Home Purchase Contingency

IF I can find a house to buy, THEN I’ll sell you my house. This is something that the seller would include. It is normally worded similar to the above: IF I can’t find a house by X date, THEN I’ll cancel this contract that I have with you. You can get your money back and I’ll just stay in this house and you’ll have to buy a different house.

Home Inspection Contingency

There should always be a dollar amount and an expiration date associated with a home inspection contingency. Let’s say you want a $5,000 home inspection contingency. That means that if you have a home inspection and find more than $5,000 worth of problems, you can cancel the sale and get back all of your deposit money – as long as you notify the seller or seller’s agent in writing before the expiration date that was in the initial offer.
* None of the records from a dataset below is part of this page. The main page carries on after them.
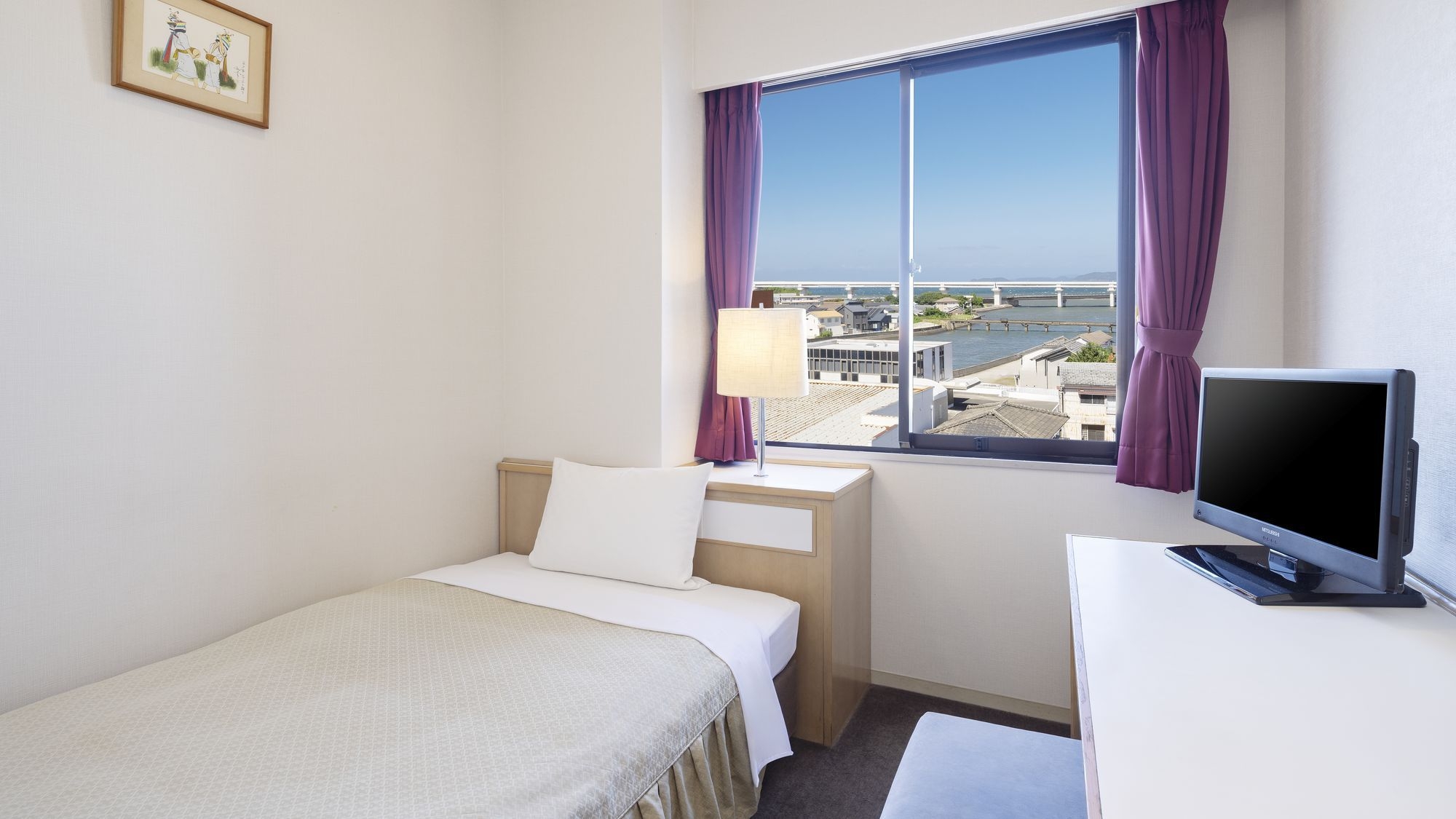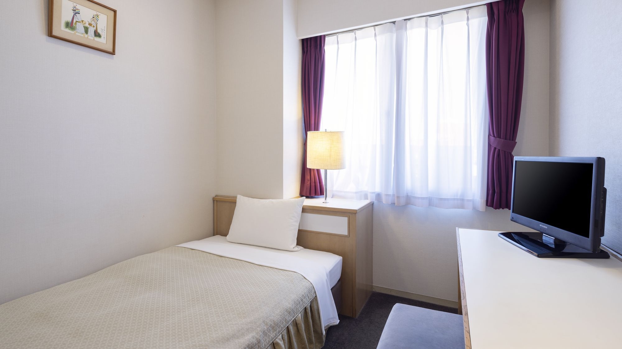 広さ:12平米/幅110cmのベッド1台を備えたお部屋です。全室Wi-Fi完備/VOD視聴無料/バス・トイレ完備
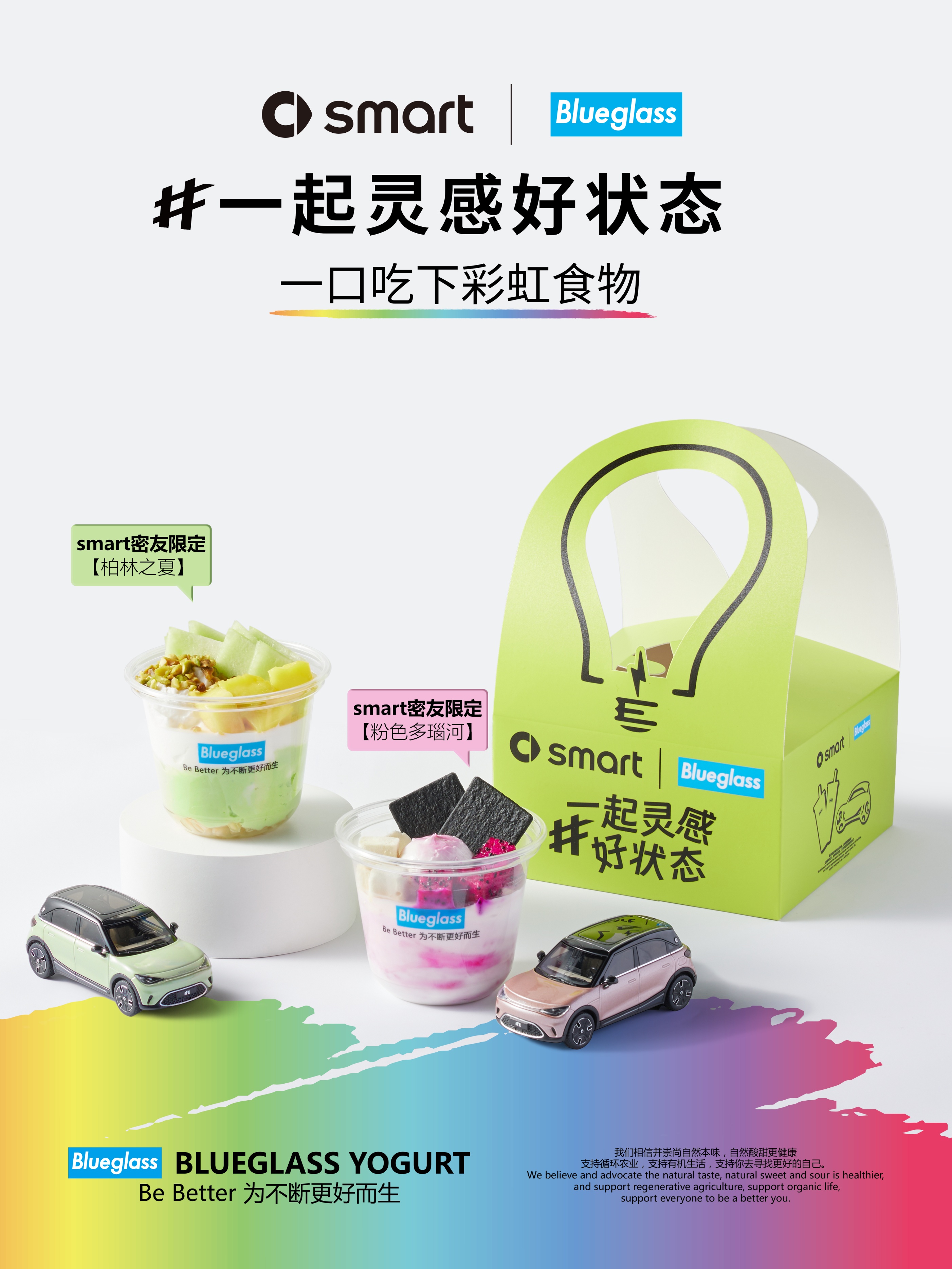 smart口味酸奶是什么味道?来Blueglass尝一下吧!以smart经典车色“波普粉”和“时光绿”为灵感,smart携手Blueglass共创推出创意十足的同款配色定制酸奶,一口下去瞬间提神醒脑,满血复活。
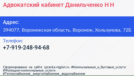 Адвокатский кабинет Данильченко Н.Н. в Воронеже
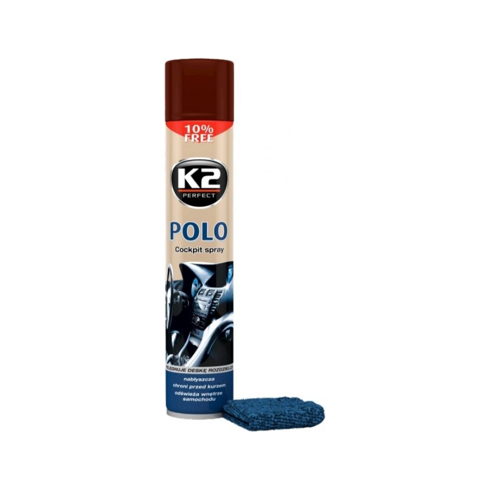 Panelės polirolis puikiai valo, atnaujina ir apsaugo automobilių prietaisų skydelį, medinius, plasmasinius, odinius paviršius. K2 „Polo Cockpit“ nanotechnologijos pagalba veikia daug geriau lyginant su senos kartos valikliais. Specialiai besisukančios silikono nanomolekulės leidžia produktui giliai įsiskverbti į gaminio paviršių ir atnaujinti iki originalaus poveikio. Apsaugo nuo dulkių susidarymo ir ultravioletinių spindulių poveikio. Turi antistatinį poveikį. Nepalieka riebaluoto paviršiaus efekto.
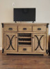 Sturdy, Spacious, Rustic Farmhouse style Wooden TV cabinet/ Server table for Sale: $299 ( Negotiable ) Table made of good quality heavy wood & not light-weight mdf. Table Dimensions: 56" length 17" width & 38" height. Location: hermitage, Tennessee Sharayu +18626847516
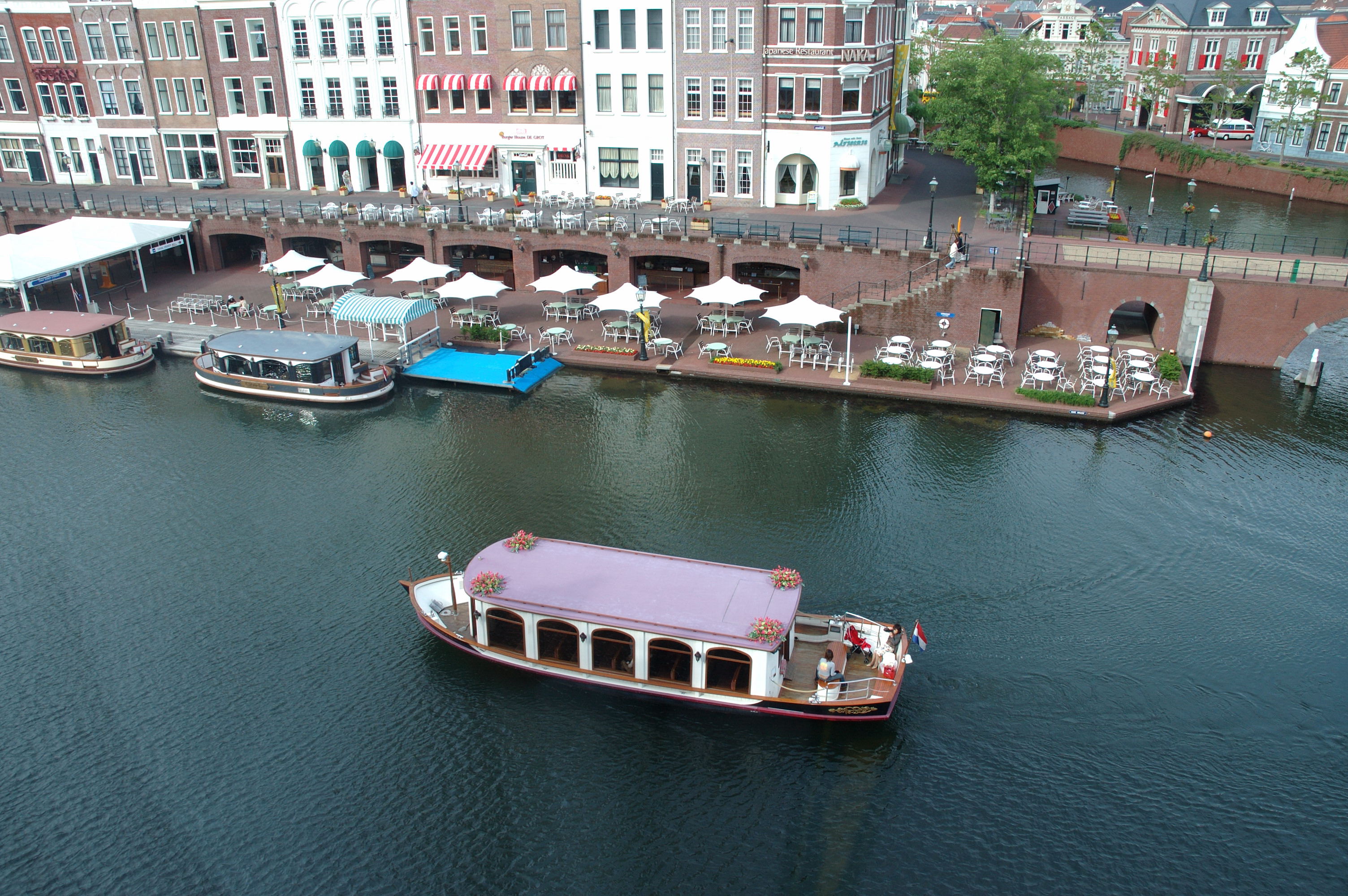 窓の下はカナルクルーザーで楽しむ運河めぐり。
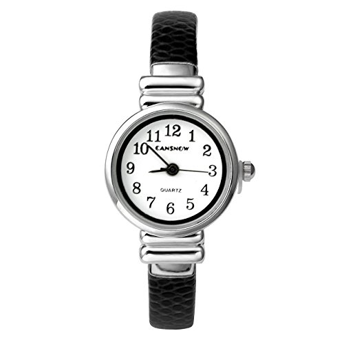 JSDDE Chic piccola dimensione Orologio da polso polsino sottile aperta Pelle 12 mm nero pr Donna Ragazza Bambino
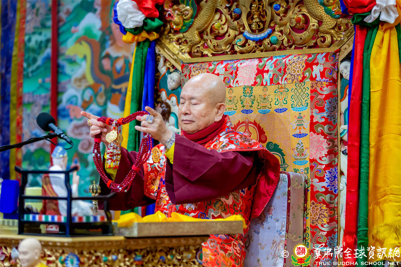 結束精彩的法語開示後,法王慈悲賜授現場與會大眾「阿彌陀佛法」灌頂,法會圓滿落幕。
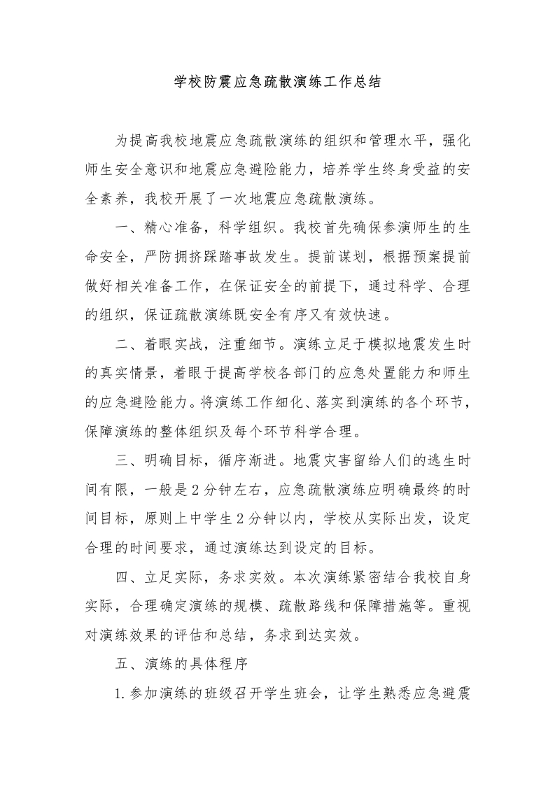 首页主题节日主题活动学校防震应急疏散演练工作总结
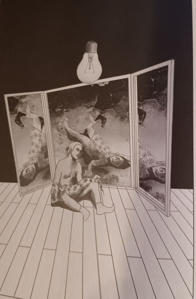 Anne Wroe in her contribution to OE says that O’s quest is fulfilled in ways that other contributors to the volume make us doubt. She says the E represents a lost wisdom that matters because, like any kind of tree (she is a dryad remember) she was rooted and once pulled out of the ground by O she is still rooted, but now singly in Death alone, and the wisdom that things pass.[18] She is, in her own words the knowledge that ‘the wreck already had roots’.[19] The book ends with O still alive watering a tree in memory f E in its text, but in its graphics it ends with E’s dead body tripled in the triptych artwork in his dark cellar studio which formed his portal to the Underworld as the picture of a wreck. He sits in front of these reproductions of her with only the dress she is wearing in his pictures next to his flesh (though he wears socks). His flesh though beyond the sock tops is drawn with more solidity than at any other point in the book (see below).

There is often confusion about how this works. It doesn’t mean that if the buyer has a $5000 home inspection contingency and finds a problem that will cost $1,000 to fix, that they can’t ask the seller to fix it or give them a credit. It does mean that if the seller says no, they won’t fix or credit the requested item, the buyer can not cancel the sale and get back their deposit. The buyer can ask for whatever they want and the seller can be a nice person and say yes to reasonable requests or not. Unless the contingency amount is met, the contingency addendum doesn’t kick in. Learn more about the home inspection process.

Appraisal Contingency

IF the home doesn’t appraise for the agreed purchase price, THEN the buyer has the option to cancel the transaction. In this case, the seller would have the option of lowering the purchase price to align with the appraised value. Learn more about the appraisal process.

Financing Contingency

Normally, unless the buyer is using their own cash to buy the home, there will be a financing contingency. It will say something like: IF the buyer doesn’t get a loan for this amount by this date, THEN they will cancel the sale and get all of their deposit money back. There should be dates both for the final approval by the lender and for the submission of all documents. If the buyer never applies for the loan or doesn’t get the requested paperwork to the lender by the agreed date, then they would forfeit their financing contingency and not be able to get back their deposit.

Clear Title Contingency

Before you take ownership of the home, your attorney or title company should do a title search. They will look back through the past 50 years to see if any lender, creditor, tradesperson, etc has recorded a debt against the house that has not yet been paid. Most standard contracts include a paragraph that the house must have a clear title, meaning that all liens have been paid off before the buyer takes possession of the house. There is normally a 30-day or other predefined window of time for the seller to take steps to clear the title if a problem is discovered.


These are just the most common contingencies that are found on home purchase contracts but, as mentioned above, anything that both buyer and seller agree to could be included in the contract. Two important things to note: contingencies normally state that the contract will be canceled if the contingency happens. If you don’t think you’ll actually want to cancel the sale, you don’t need to make it a contingency.  Also, be aware that the more contingencies, the weaker the offer. If you are in a competitive situation and expect that the house will have multiple offers, only include contingencies that are true deal breakers for you.

As always, I hope that you’ve found this helpful. If you have any question, drop me a note.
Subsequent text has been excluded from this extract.